TASK PROMPT |
Transcribe the whole listing exactly; the images stay out.

INPUT FOR THIS TASK |
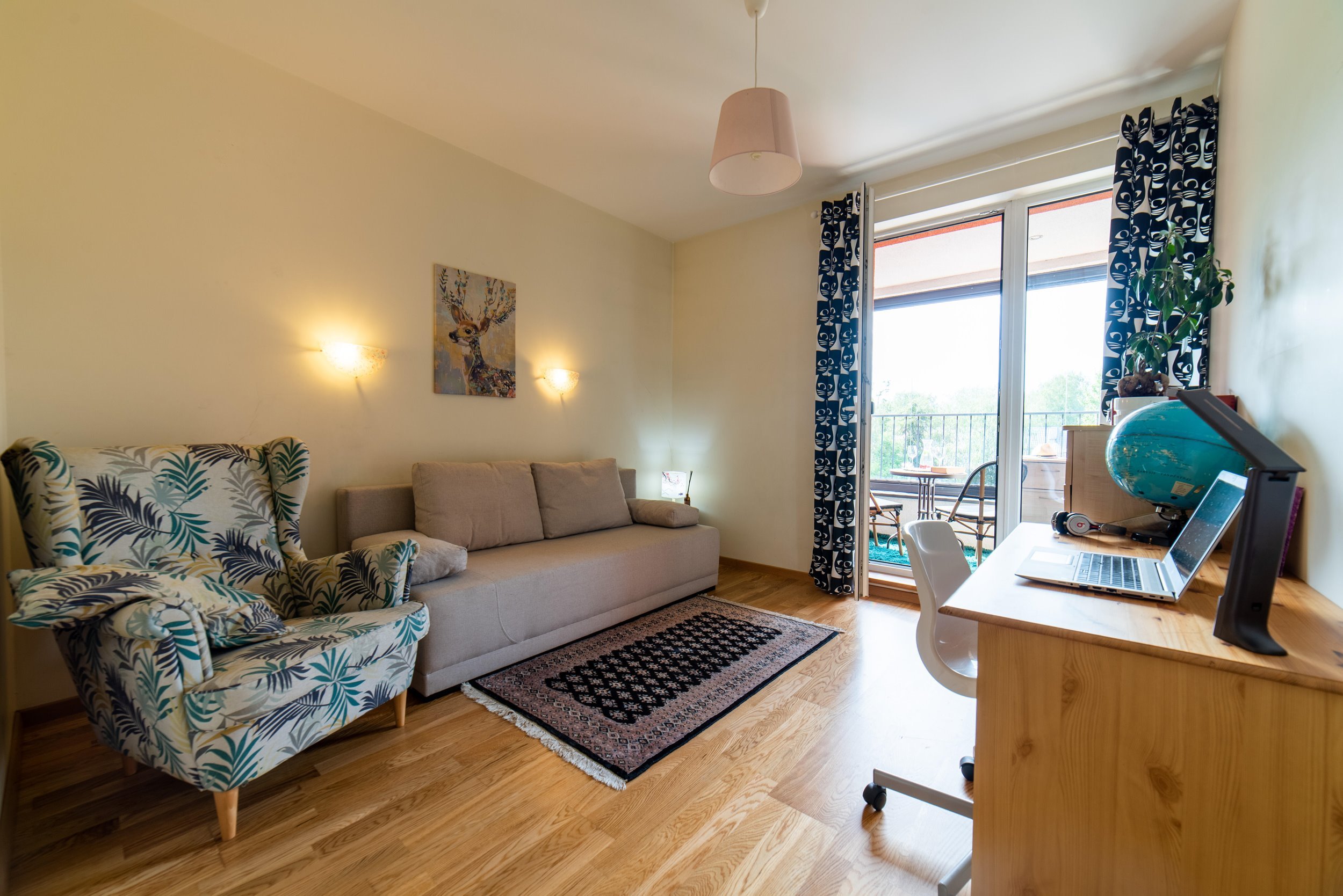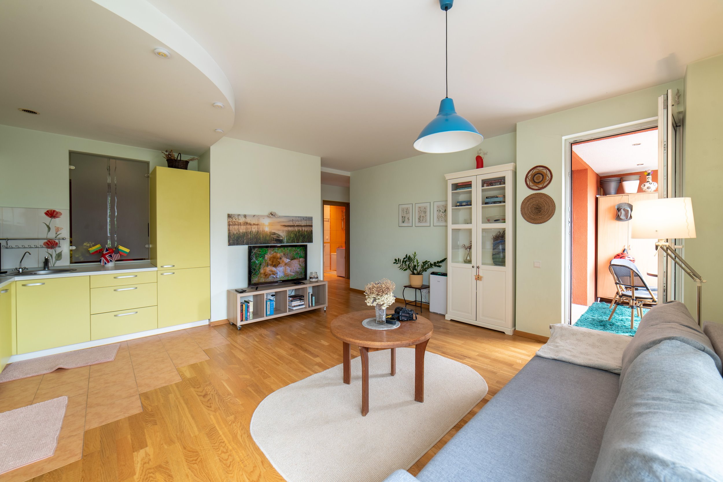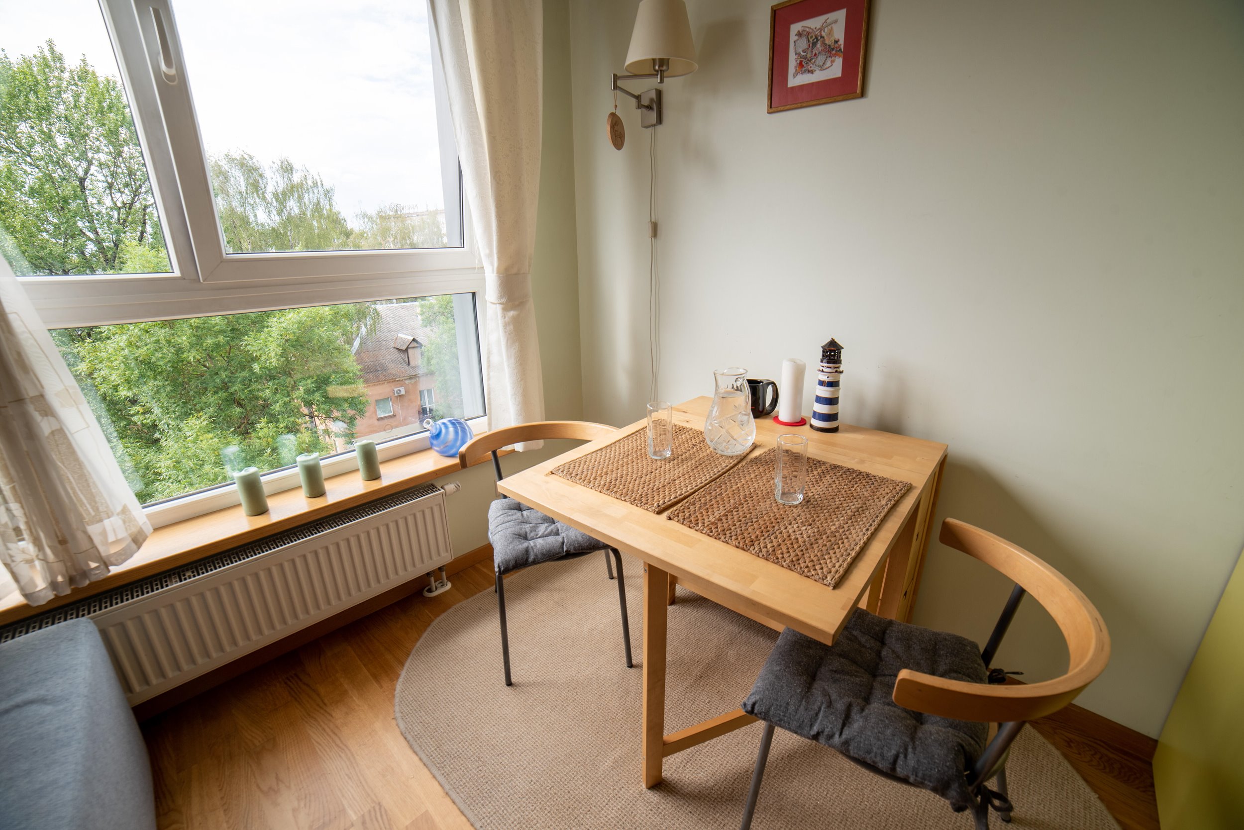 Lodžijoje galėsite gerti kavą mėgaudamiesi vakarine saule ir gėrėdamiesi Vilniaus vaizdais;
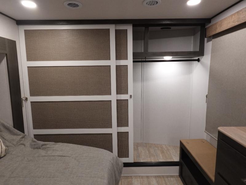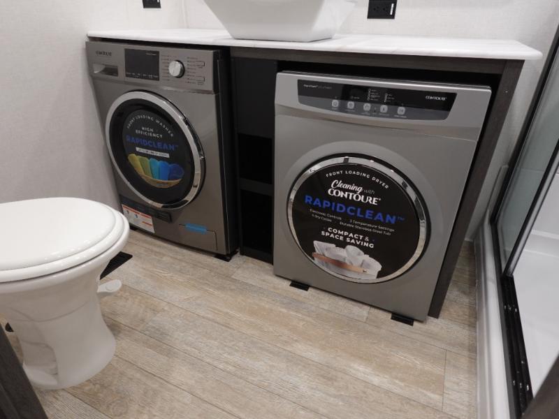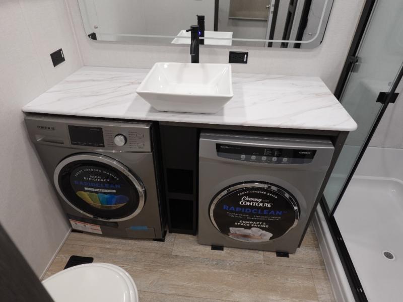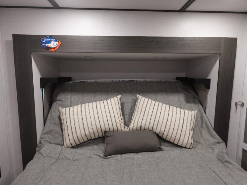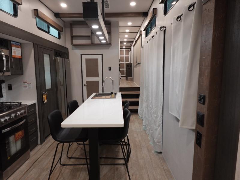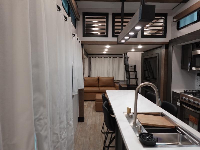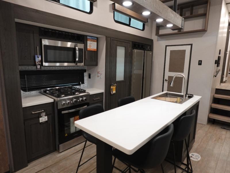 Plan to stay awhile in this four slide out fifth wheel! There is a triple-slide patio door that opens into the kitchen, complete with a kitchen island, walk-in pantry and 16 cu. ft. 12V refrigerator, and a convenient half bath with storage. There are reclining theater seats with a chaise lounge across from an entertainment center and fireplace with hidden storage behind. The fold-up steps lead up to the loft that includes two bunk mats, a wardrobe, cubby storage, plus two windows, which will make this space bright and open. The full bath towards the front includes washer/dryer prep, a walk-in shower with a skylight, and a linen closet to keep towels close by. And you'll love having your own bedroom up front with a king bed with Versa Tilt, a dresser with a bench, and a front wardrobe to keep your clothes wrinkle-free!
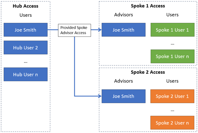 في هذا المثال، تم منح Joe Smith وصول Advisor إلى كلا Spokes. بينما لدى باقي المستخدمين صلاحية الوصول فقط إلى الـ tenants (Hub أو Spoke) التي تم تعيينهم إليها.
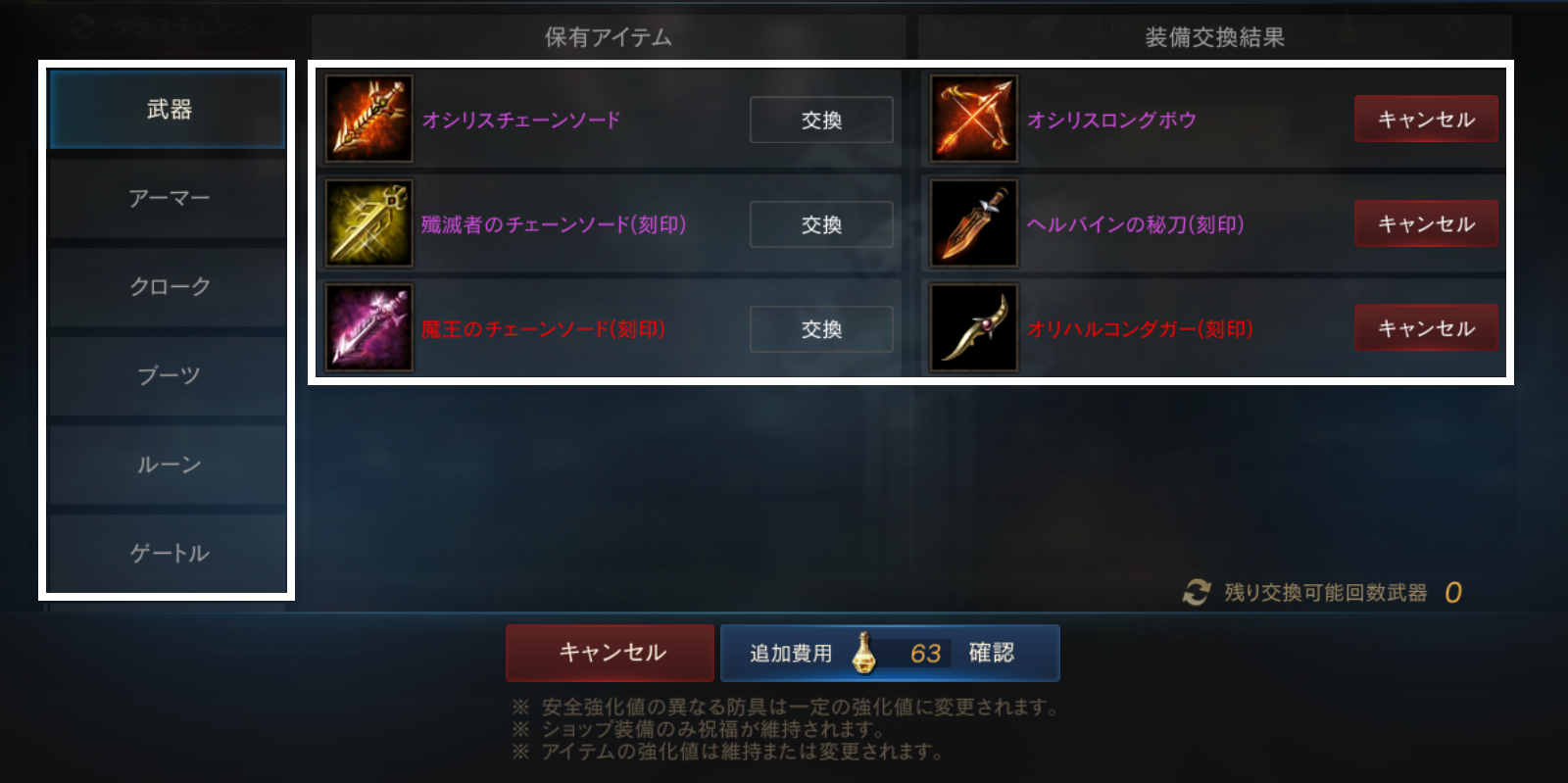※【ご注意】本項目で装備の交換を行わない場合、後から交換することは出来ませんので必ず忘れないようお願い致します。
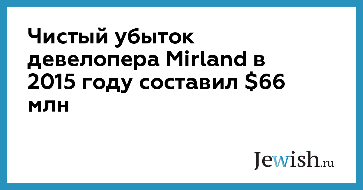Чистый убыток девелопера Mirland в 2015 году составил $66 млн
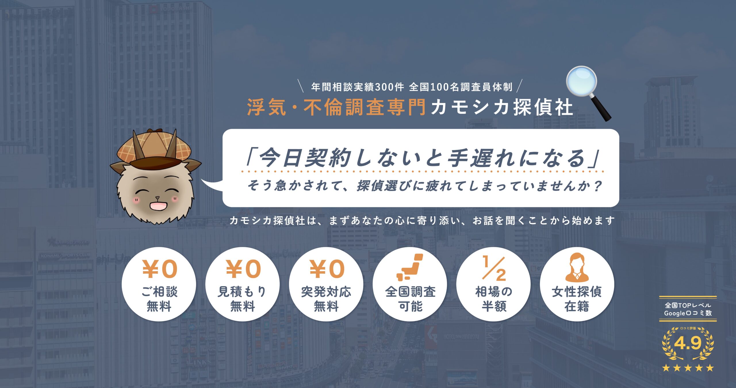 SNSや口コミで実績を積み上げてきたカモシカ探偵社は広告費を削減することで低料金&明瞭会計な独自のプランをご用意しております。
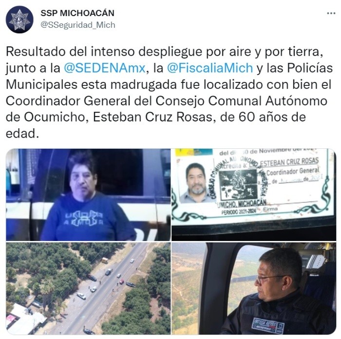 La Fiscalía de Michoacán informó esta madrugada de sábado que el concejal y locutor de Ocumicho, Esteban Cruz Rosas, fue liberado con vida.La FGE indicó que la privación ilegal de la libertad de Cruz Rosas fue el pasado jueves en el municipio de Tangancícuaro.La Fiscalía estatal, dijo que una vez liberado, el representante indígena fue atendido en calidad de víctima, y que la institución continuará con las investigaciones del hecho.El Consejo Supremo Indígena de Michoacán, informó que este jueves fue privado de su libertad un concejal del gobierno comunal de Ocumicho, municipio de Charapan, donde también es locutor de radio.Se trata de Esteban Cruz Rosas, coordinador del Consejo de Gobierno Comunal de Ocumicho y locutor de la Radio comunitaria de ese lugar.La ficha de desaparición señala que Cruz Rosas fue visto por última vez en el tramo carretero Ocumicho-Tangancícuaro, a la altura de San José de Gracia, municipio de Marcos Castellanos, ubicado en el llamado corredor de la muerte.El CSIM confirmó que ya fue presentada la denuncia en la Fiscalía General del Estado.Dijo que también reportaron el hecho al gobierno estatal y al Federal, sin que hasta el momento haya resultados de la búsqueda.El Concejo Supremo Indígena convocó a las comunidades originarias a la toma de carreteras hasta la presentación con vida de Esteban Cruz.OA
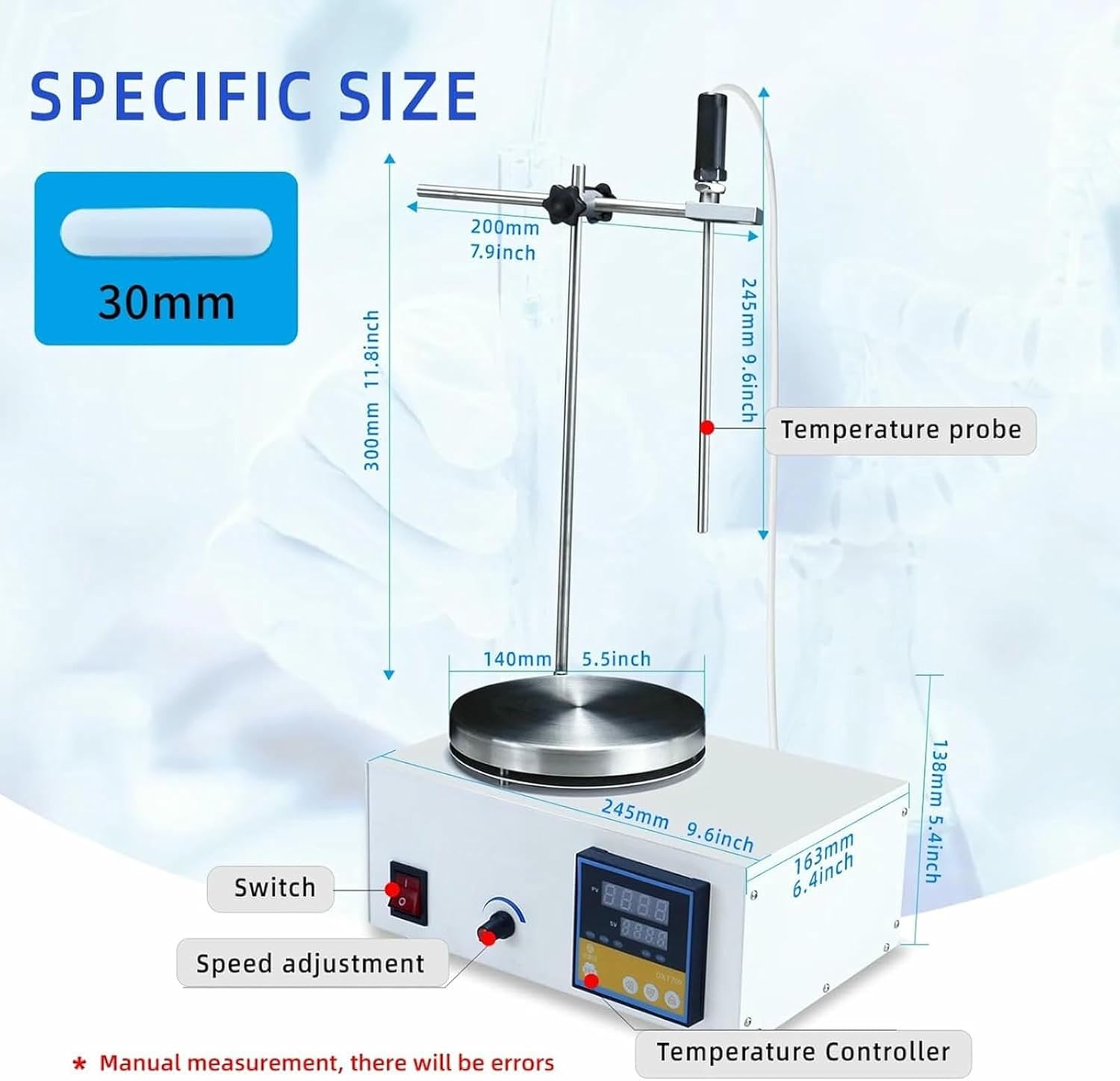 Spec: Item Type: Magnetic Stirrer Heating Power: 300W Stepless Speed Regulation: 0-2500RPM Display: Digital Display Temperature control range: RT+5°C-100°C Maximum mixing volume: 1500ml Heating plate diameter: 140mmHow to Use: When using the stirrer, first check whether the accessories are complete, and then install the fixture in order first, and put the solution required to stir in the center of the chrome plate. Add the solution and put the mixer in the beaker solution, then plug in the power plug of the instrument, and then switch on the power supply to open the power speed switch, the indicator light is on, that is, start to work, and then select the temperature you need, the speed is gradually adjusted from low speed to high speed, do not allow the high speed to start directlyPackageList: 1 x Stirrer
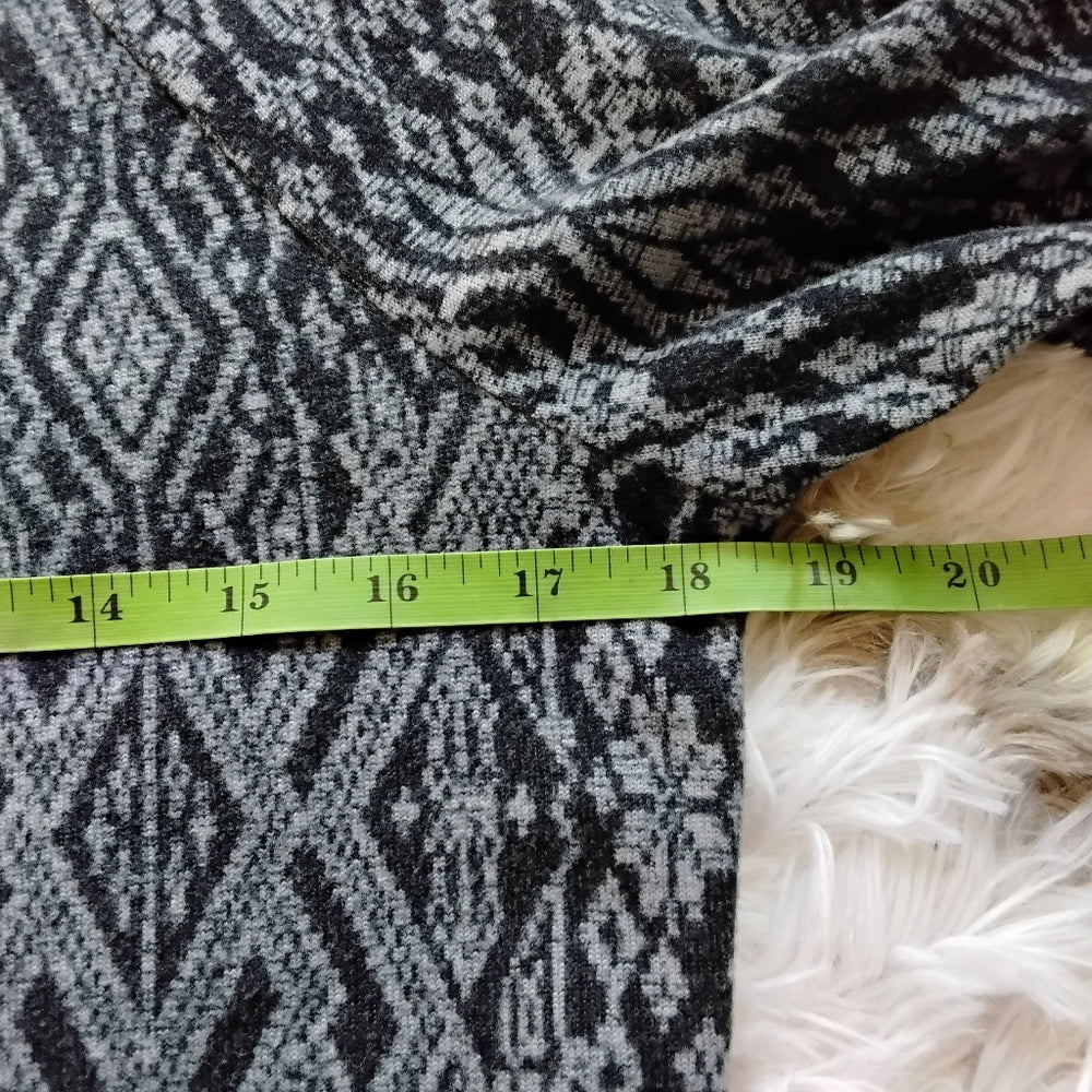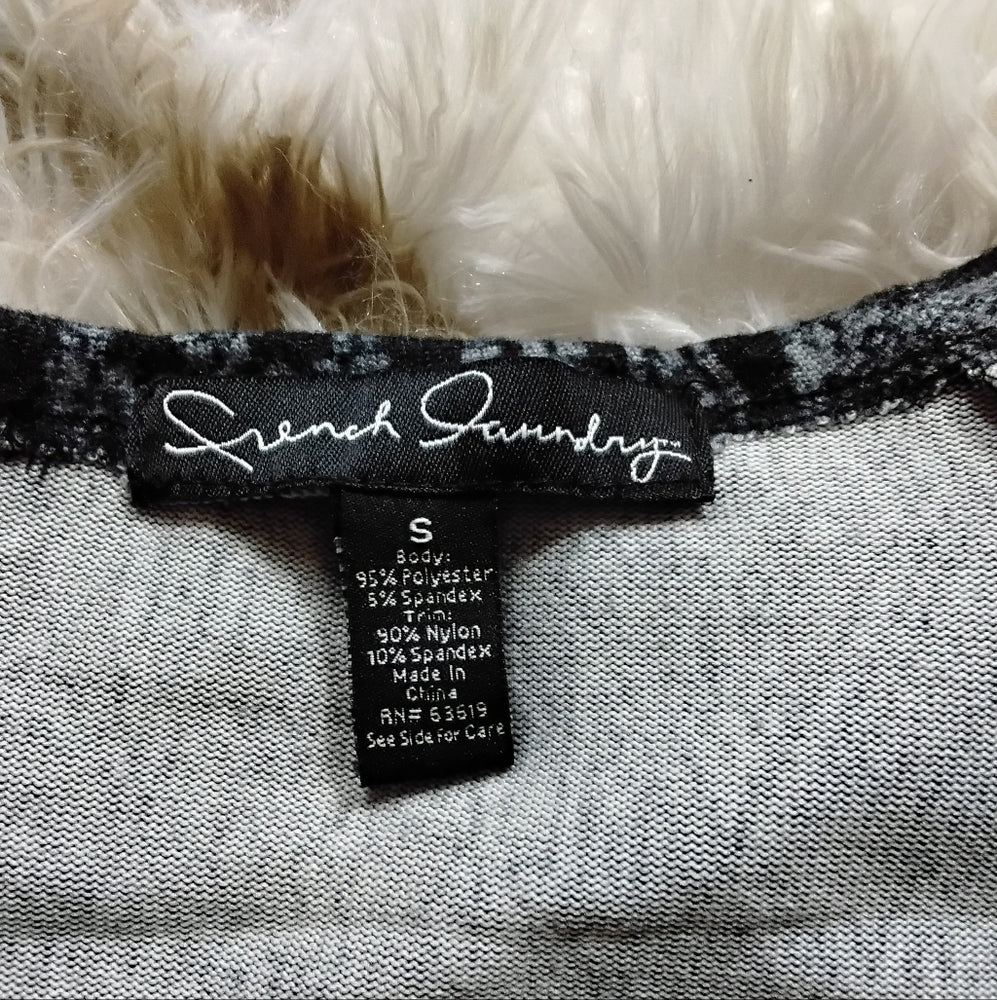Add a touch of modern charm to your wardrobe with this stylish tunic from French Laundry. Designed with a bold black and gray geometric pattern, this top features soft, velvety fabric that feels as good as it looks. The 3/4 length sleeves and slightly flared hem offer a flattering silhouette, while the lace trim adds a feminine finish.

RESPONSE BOX |
 Lodžijoje galėsite gerti kavą mėgaudamiesi vakarine saule ir gėrėdamiesi Vilniaus vaizdais;
 Plan to stay awhile in this four slide out fifth wheel! There is a triple-slide patio door that opens into the kitchen, complete with a kitchen island, walk-in pantry and 16 cu. ft. 12V refrigerator, and a convenient half bath with storage. There are reclining theater seats with a chaise lounge across from an entertainment center and fireplace with hidden storage behind. The fold-up steps lead up to the loft that includes two bunk mats, a wardrobe, cubby storage, plus two windows, which will make this space bright and open. The full bath towards the front includes washer/dryer prep, a walk-in shower with a skylight, and a linen closet to keep towels close by. And you'll love having your own bedroom up front with a king bed with Versa Tilt, a dresser with a bench, and a front wardrobe to keep your clothes wrinkle-free!
 في هذا المثال، تم منح Joe Smith وصول Advisor إلى كلا Spokes. بينما لدى باقي المستخدمين صلاحية الوصول فقط إلى الـ tenants (Hub أو Spoke) التي تم تعيينهم إليها.
※【ご注意】本項目で装備の交換を行わない場合、後から交換することは出来ませんので必ず忘れないようお願い致します。
Чистый убыток девелопера Mirland в 2015 году составил $66 млн
 SNSや口コミで実績を積み上げてきたカモシカ探偵社は広告費を削減することで低料金&明瞭会計な独自のプランをご用意しております。
 La Fiscalía de Michoacán informó esta madrugada de sábado que el concejal y locutor de Ocumicho, Esteban Cruz Rosas, fue liberado con vida.La FGE indicó que la privación ilegal de la libertad de Cruz Rosas fue el pasado jueves en el municipio de Tangancícuaro.La Fiscalía estatal, dijo que una vez liberado, el representante indígena fue atendido en calidad de víctima, y que la institución continuará con las investigaciones del hecho.El Consejo Supremo Indígena de Michoacán, informó que este jueves fue privado de su libertad un concejal del gobierno comunal de Ocumicho, municipio de Charapan, donde también es locutor de radio.Se trata de Esteban Cruz Rosas, coordinador del Consejo de Gobierno Comunal de Ocumicho y locutor de la Radio comunitaria de ese lugar.La ficha de desaparición señala que Cruz Rosas fue visto por última vez en el tramo carretero Ocumicho-Tangancícuaro, a la altura de San José de Gracia, municipio de Marcos Castellanos, ubicado en el llamado corredor de la muerte.El CSIM confirmó que ya fue presentada la denuncia en la Fiscalía General del Estado.Dijo que también reportaron el hecho al gobierno estatal y al Federal, sin que hasta el momento haya resultados de la búsqueda.El Concejo Supremo Indígena convocó a las comunidades originarias a la toma de carreteras hasta la presentación con vida de Esteban Cruz.OA
 Spec: Item Type: Magnetic Stirrer Heating Power: 300W Stepless Speed Regulation: 0-2500RPM Display: Digital Display Temperature control range: RT+5°C-100°C Maximum mixing volume: 1500ml Heating plate diameter: 140mmHow to Use: When using the stirrer, first check whether the accessories are complete, and then install the fixture in order first, and put the solution required to stir in the center of the chrome plate. Add the solution and put the mixer in the beaker solution, then plug in the power plug of the instrument, and then switch on the power supply to open the power speed switch, the indicator light is on, that is, start to work, and then select the temperature you need, the speed is gradually adjusted from low speed to high speed, do not allow the high speed to start directlyPackageList: 1 x Stirrer
Add a touch of modern charm to your wardrobe with this stylish tunic from French Laundry. Designed with a bold black and gray geometric pattern, this top features soft, velvety fabric that feels as good as it looks. The 3/4 length sleeves and slightly flared hem offer a flattering silhouette, while the lace trim adds a feminine finish.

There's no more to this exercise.